Julien Nioche commented on NUTCH-207:
-------------------------------------

Am starting to think that the cleanest way to implement this would be to make some radical changes to the way the Fetcher works and use the Executor framework. The ThreadPoolExecutor is quite a nice fit for that as it defines a max number of threads to use but would require changing the logic in the Fetcher and get the queues to push the tasks to the Executor instead of having the FetcherThreads polling them for work. Will probably open a new issue for this. 

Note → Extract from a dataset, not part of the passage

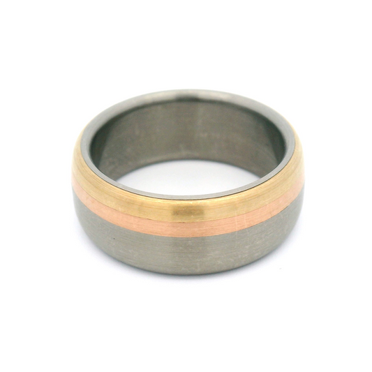Titanium with 10k Yellow and Rose Gold Accents 7.5mm Wide Band
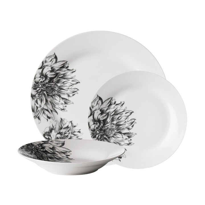 "Dine in style with our stylish 12 piece Avie Botanic dinner set, that will make an elegant addition to your tableware. Included in the set are 4 x dinner plates, 4 x side plates and 4 x bowls. Each piece is made from white porcelain ensuring durability, while the beautiful black flower design, accentuates the charming style of the set. The smooth surface is easy to clean in warm soapy water making it ideal for everyday use. The set ensures you can enjoy starters, mains and desserts for four people. Adding a sense of occasion to your meal, the artistically designed dinner set will become an everyday delight each time you sit down for a meal." materials: Ceramic composition:Porcelain. 100% colour: White Care & Use Instr: Dishwasher Safe Dishwasher Safe: Y Electric Hob Safe: N Freezer Safe: N Gas Hob Safe: N Halogen Hob Safe: N Induction Hob Safe: N Materials: Ceramic Microwave Safe: N Oven Safe: N Product Depth: 18 Product Height: 28 Product Weight (kg): 5.45 Product Width: 28 Item Assembled: Y Courier Service: Evri Parcel

> Bandwidth target for fetcher rather than a thread count
> -------------------------------------------------------
>
>                 Key: NUTCH-207
>                 URL: https://issues.apache.org/jira/browse/NUTCH-207
>             Project: Nutch
>          Issue Type: New Feature
>          Components: fetcher
>    Affects Versions: 0.8
>            Reporter: Rod Taylor
>            Assignee: Julien Nioche
>             Fix For: 1.9
>
>         Attachments: ratelimit.patch
>
>
> Increases or decreases the number of threads from the starting value (fetcher.threads.fetch) up to a maximum (fetcher.threads.maximum) to achieve a target bandwidth (fetcher.threads.bandwidth).
> It seems to be able to keep within 10% of the target bandwidth even when large numbers of errors are found or when a number of large pages is run across.
> To achieve more accurate tracking Nutch should keep track of protocol overhead as well as the volume of pages downloaded.